Shutting Off the TV and Getting Outside Could Reduce Diabetes Risk
Scientists from Harvard University conducted a meta-analysis of many prospective cohort studies that measured the relationship between type 2 diabetes, cardiovascular disease, and all-cause mortality and television viewing. The analysis, published in JAMA on June 15, 2011, included 4 studies that directly measured the relationship between the risk of developing type 2 diabetes and the hours of television watched per day.
An analysis of the results of the 4 studies showed a linear increase in risk with the number of hours per day of TV viewing for both type 2 diabetes and cardiovascular disease, with a greater association with all-cause mortality when TV viewing time was greater than 3 hours per day.
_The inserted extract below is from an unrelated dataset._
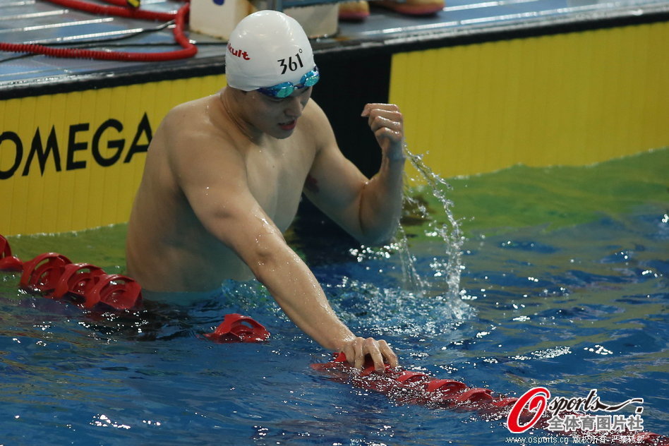 在决赛中,孙杨的速度明显比预赛时快。特别是在最后100米游程中,孙杨的速度明显比此前有所加快。最终,孙杨凭借3分45秒12的成绩获得冠军。这是孙杨在本次比赛中获得的第二个冠军。不过这个成绩只能排在今年此项目世界第五位。朴泰桓在今年曾游出过3分43秒96的成绩。朴泰桓比孙杨快了1秒16。
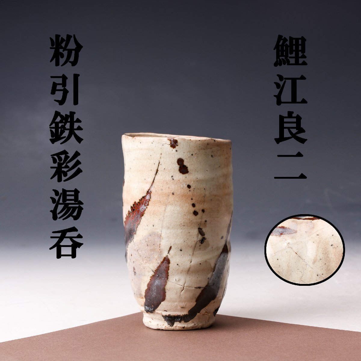 【佳香】鯉江良二 ゆらりと揺れる鉄彩の美 粉引鉄彩湯呑 本物保証

The researchers do not believe TV viewing itself is responsible for the perceived increase in risk, of course, and instead attribute this increased risk to a decreased propensity for physical activity. Although the researchers warn that many of the studies analyzed could have an inherent bias (many of them were underpowered), they do note that there have been studies that have shown that a sedentary lifestyle leads to increased insulin resistance and detrimental postprandial lipid metabolism. PT
Diabetics at High Risk for Recurrent Stroke
In a post hoc analysis of the Stroke Prevention by Aggressive Reduction of Cholesterol Levels (SPARCL) trial, published in the Archives of Neurology on June 13, 2011, researchers have found that patients with type 2 diabetes are at an increased risk of recurrent ischemic or hemorrhagic stroke or transient ischemic attack (TIA) compared with patients without diabetes.
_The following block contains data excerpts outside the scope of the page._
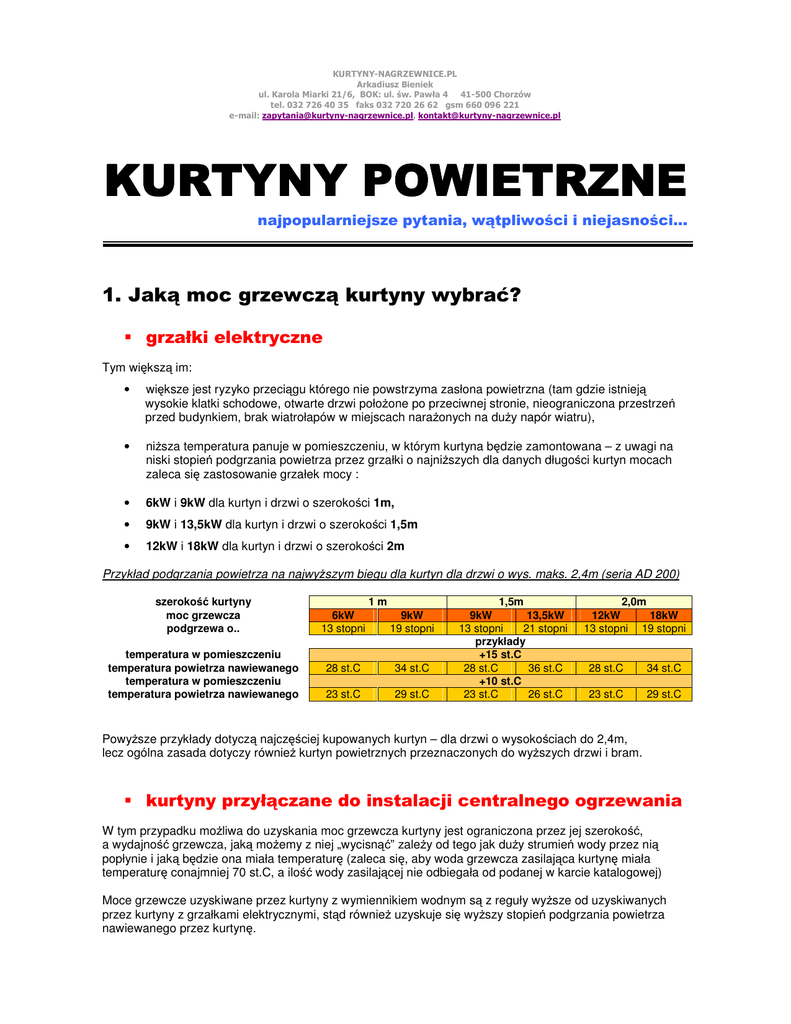 KURTYNY-NAGRZEWNICE.PL Arkadiusz Bieniek ul. Karola Miarki 21/6, BOK: ul. św. Pawła 4 41-500 Chorzów tel. 032 726 40 35 faks 032 720 26 62 gsm 660 096 221 e-mail: [email protected], [email protected] KURTYNY POWIETRZNE najpopularniejsze pytania, wątpliwości i niejasności... 1. Jaką moc grzewczą kurtyny wybrać? grzałki elektryczne Tym większą im: • większe jest ryzyko przeciągu którego nie powstrzyma zasłona powietrzna (tam gdzie istnieją wysokie klatki schodowe, otwarte drzwi położone po przeciwnej stronie, nieograniczona przestrzeń przed budynkiem, brak wiatrołapów w miejscach narażonych na duży napór wiatru), • niższa temperatura panuje w pomieszczeniu, w którym kurtyna będzie zamontowana – z uwagi na niski stopień podgrzania powietrza przez grzałki o najniższych dla danych długości kurtyn mocach zaleca się zastosowanie grzałek mocy : • 6kW i 9kW dla kurtyn i drzwi o szerokości 1m, • 9kW i 13,5kW dla kurtyn i drzwi o szerokości 1,5m • 12kW i 18kW dla kurtyn i drzwi o szerokości 2m Przykład podgrzania powietrza na najwyższym biegu dla kurtyn dla drzwi o wys. maks. 2,4m (seria AD 200) szerokość kurtyny moc grzewcza podgrzewa o.. temperatura w pomieszczeniu temperatura powietrza nawiewanego temperatura w pomieszczeniu temperatura powietrza nawiewanego 1m 6kW 13 stopni 9kW 19 stopni 28 st.C 34 st.C 23 st.C 29 st.C 1,5m 9kW 13,5kW 13 stopni 21 stopni przykłady +15 st.C 28 st.C 36 st.C +10 st.C 23 st.C 26 st.C 2,0m 12kW 18kW 13 stopni 19 stopni 28 st.C 34 st.C 23 st.C 29 st.C Powyższe przykłady dotyczą najczęściej kupowanych kurtyn – dla drzwi o wysokościach do 2,4m, lecz ogólna zasada dotyczy również kurtyn powietrznych przeznaczonych do wyższych drzwi i bram. kurtyny przyłączane do instalacji centralnego ogrzewania W tym przypadku możliwa do uzyskania moc grzewcza kurtyny jest ograniczona przez jej szerokość, a wydajność grzewcza, jaką możemy z niej „wycisnąć” zależy od tego jak duży strumień wody przez nią popłynie i jaką będzie ona miała temperaturę (zaleca się, aby woda grzewcza zasilająca kurtynę miała temperaturę conajmniej 70 st.C, a ilość wody zasilającej nie odbiegała od podanej w karcie katalogowej) Moce grzewcze uzyskiwane przez kurtyny z wymiennikiem wodnym są z reguły wyższe od uzyskiwanych przez kurtyny z grzałkami elektrycznymi, stąd również uzyskuje się wyższy stopień podgrzania powietrza nawiewanego przez kurtynę. KURTYNY-NAGRZEWNICE.PL Arkadiusz Bieniek ul. Karola Miarki 21/6, BOK: ul. św. Pawła 4 41-500 Chorzów tel. 032 726 40 35 faks 032 720 26 62 gsm 660 096 221 e-mail: [email protected], [email protected] Przykład podgrzania powietrza na najwyższym biegu dla kurtyn dla drzwi o wys. maks. 2,4m (seria AD 200) szerokość kurtyny temperatura wody grzewczej temperatura w pomieszczeniu temperatura powietrza nawiewanego temperatura w pomieszczeniu temperatura powietrza nawiewanego 1m 60 st.C 80 st.C 32 st.C 37 st.C 29 st.C 34 st.C 1,5m 60 st.C 80 st.C przykłady +20 st.C 32 st.C 37 st.C +15 st.C 29 st.C 34 st.C 2,0m 60 st.C 80 st.C 32 st.C 37 st.C 29 st.C 34 st.C 2. Kurtyna ma za słaby nawiew, dlaczego? W niektórych sytuacjach może dochodzić do zmniejszenia intensywności nawiewu powietrza z kurtyny: • w przypadku niezachowania zalecanych w instrukcji montażu odległości urządzenia od sufitu lub ścian bocznych – w tej sytuacji ograniczona zostaje przestrzeń, z której zasysane jest powietrze, należy wówczas odsunąć kurtynę od ścian/sufitu na odległość zalecaną w instrukcji, • w przypadku kurtyn przyłączanych do centralnego ogrzewania, które są wyposażone w filtr powietrza (zabezpiecza on wymiennik ciepła przez zapchaniem kurzem, pyłem – zmniejszeniem wydajności grzewczej, podgrzewaniem zbierających sie zanieczyszczeń) przyczyną ograniczenia nawiewu jest często zabrudzenie filtra, należy go po prostu wyczyścić (odkurzyć, umyć itp), jest to najczęściej spotykana sytuacja w dużych marketach, gdzie słychać wycie wentylatorów, nie odczuwa się natomiast zupełnie nawiewu, • zakrycie lub zasłonięcie kratki zasysającej, • dobrano kurtynę o zbyt małym zasięgu lub dobrano urządzenie „kurtynopodobne” nie spełniające wymagań co do zasięgu. 3. Kurtyna grzeje za słabo, dlaczego? kurtyny powietrzne z grzałkami elektrycznymi • dobrano zbyt niską moc grzewczą w zestawieniu z panującymi warunkami w pomieszczeniu, • kurtyna rozpoczyna pracę w niskiej temperaturze, np: o o o tuż po zakończeniu prac remontowych i adaptacyjnych, w pomieszczeniach nieogrzewanych (kurtyna nie jest urządzeniem przeznaczonym do ogrzewania pomieszczeń!), po zakończeniu weekendu lub przerwy świątecznej w warunkach „ekonomicznej” pracy instalacji ogrzewania lub jej całkowitym wyłączeniu. ZAPAMIĘTAJ! Grzałki elektryczne podgrzewają powietrze przy danym natężeniu nawiewu ZAWSZE o TAKĄ SAMĄ ILOŚĆ STOPNI, niezależnie od temperatury w pomieszczeniu. Temperatura powietrza na wylocie z kurtyny lub nagrzewnicy będzie zawsze zależeć od temperatury powietrza jakie to urządzenie zasysa. KURTYNY-NAGRZEWNICE.PL Arkadiusz Bieniek ul. Karola Miarki 21/6, BOK: ul. św. Pawła 4 41-500 Chorzów tel. 032 726 40 35 faks 032 720 26 62 gsm 660 096 221 e-mail: [email protected], [email protected] kurtyny powietrzne przyłączane do instalacji centralnego ogrzewania • • do kurtyny dopływa zbyt mało wody grzewczej: o kurtyna jest dołączona do istniejącej instalacji obsługiwanej przez pompę, której wydajność nie uwzględnia stosunkowo dużego przepływu wody wymaganego przez kurtynę – należy wówczas wykonać osobną pętlę wodną dla kurtyny z osobną obsługująca ją pompą, która zapewni wymagany przepływ, o instalacja nie jest zrównoważona, tzn. np do najdalej położonej od źródła ciepła kurtyny dopływa zbyt mało wody, a do blisko położonych grzejników – zbyt dużo – należy zastosow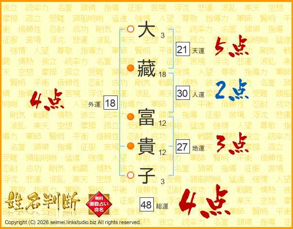 大(3画)藏(18画) 富(12画)貴(12画)子(3画)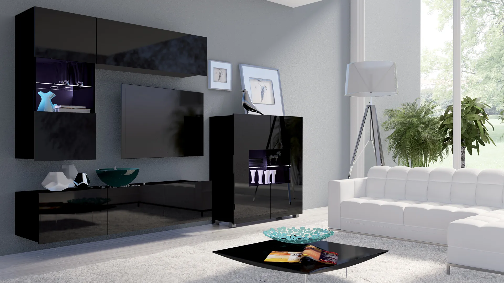 - Zestaw 4 elementów – szafka RTV 150 cm, witryna wisząca pionowa, półka wisząca pozioma i komoda dwudrzwiowa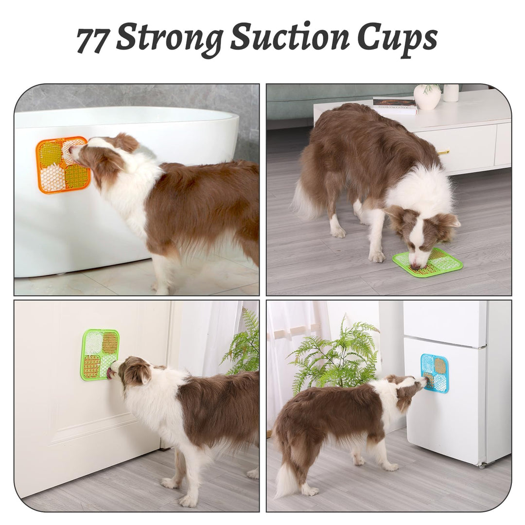 - Reduce Anxiety & Destructive Behavior: These lick mats for dogs large and dog lick mat with suction cups help calm and soothe your pets by helping release endorphins through the promotion of licking. Our cat lick mat and dog licking mat is a safe alternative for your dog to lick which is great for stressful times such as grooming, bath time, nail clipping, injury recovery, and fireworks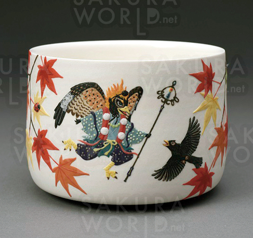 上の画像は小林佐和子さんの作品、練上彩層茶碗「カラス天狗」。

The SPARCL trial was a large, randomized, placebo-controlled trial that enrolled women and men older than 18 years who had an ischemic or hemorrhagic stroke or TIA 1 to 6 months before randomization. The study randomized patients to receive either statin or placebo therapy and measured the time from randomization after an ischemic stroke or TIA to the occurrence of a nonfatal or fatal stroke. The researchers also classified patients as having type 2 diabetes, no type 2 diabetes but metabolic syndrome, or no type 2 diabetes and no metabolic syndrome (the reference group), and then calculated their risk for having a recurrent stroke.
Although there was no difference in incidence of primary ischemic strokes between patients with and without diabetes, diabetic patients were at increased risk of secondary stroke compared with nondiabetic patients (18.1% vs 10.7% in the metabolic syndrome group and 11% in the reference group, P <.001).
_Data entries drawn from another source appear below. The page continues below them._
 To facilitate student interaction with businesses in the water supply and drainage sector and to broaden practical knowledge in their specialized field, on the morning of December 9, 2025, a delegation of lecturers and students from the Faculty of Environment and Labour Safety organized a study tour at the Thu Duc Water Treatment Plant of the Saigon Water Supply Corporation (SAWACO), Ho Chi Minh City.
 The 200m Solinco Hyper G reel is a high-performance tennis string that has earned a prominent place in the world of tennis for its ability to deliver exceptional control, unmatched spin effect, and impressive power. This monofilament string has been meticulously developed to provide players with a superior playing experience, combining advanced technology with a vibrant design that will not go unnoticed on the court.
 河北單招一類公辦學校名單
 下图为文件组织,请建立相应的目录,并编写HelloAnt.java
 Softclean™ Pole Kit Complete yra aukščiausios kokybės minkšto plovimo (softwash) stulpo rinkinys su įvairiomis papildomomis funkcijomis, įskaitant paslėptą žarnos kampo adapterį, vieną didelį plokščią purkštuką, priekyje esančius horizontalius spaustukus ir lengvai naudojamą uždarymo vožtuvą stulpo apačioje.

The analysis also showed that there is no significant difference in risk reduction with statin therapy between diabetic and nondiabetic patients, emphasizing the importance of lipid-lowering therapy in all patients who present with dyslipidemia.
In Curbing Diabetes Risk, Counting Sheep May Be an Answer
Researchers at the 25th Anniversary Meeting of the Associated Sleep Professional Societies in Minneapolis, Minnesota, presented a study that showed that chronic sleep deprivation can increase insulin resistance in people at higher risk of developing type 2 diabetes.
The study enrolled 47 healthy participants with an average age of 26 years who had a normal body mass index (BMI) and a family history of type 2 diabetes in at least 1 first-degree relative. Participants were divided into 2 groups based on reported sleep schedule: short sleepers (<6 hours per night, and, hence, chronically sleep deprived) and usual sleepers (6 or more hours per night). The researchers also conducted oral glucose-tolerance testing on the participants, measured a fasting plasma glucose, and evaluated insulin sensitivity as well as beta-cell function.
The study showed that, when adjusted for differences in daily physical activity, age, BMI, sex, and ethnicity, short sleepers had a significantly higher insulin sensitivity index score than usual sleepers (7.7 vs 11.4, P = .013) but no significant difference in beta-cell function.
The presenters of the study believe this preservation of betacell function is due to the participants’ young age and that, if the insulin resistance persists for enough time, beta-cell function will decrease as the participants get older. In addition to an increase in physical exercise and dietary modifications, the results of this study show sleep hygiene may also be important in decreasing the risk for developing diabetes.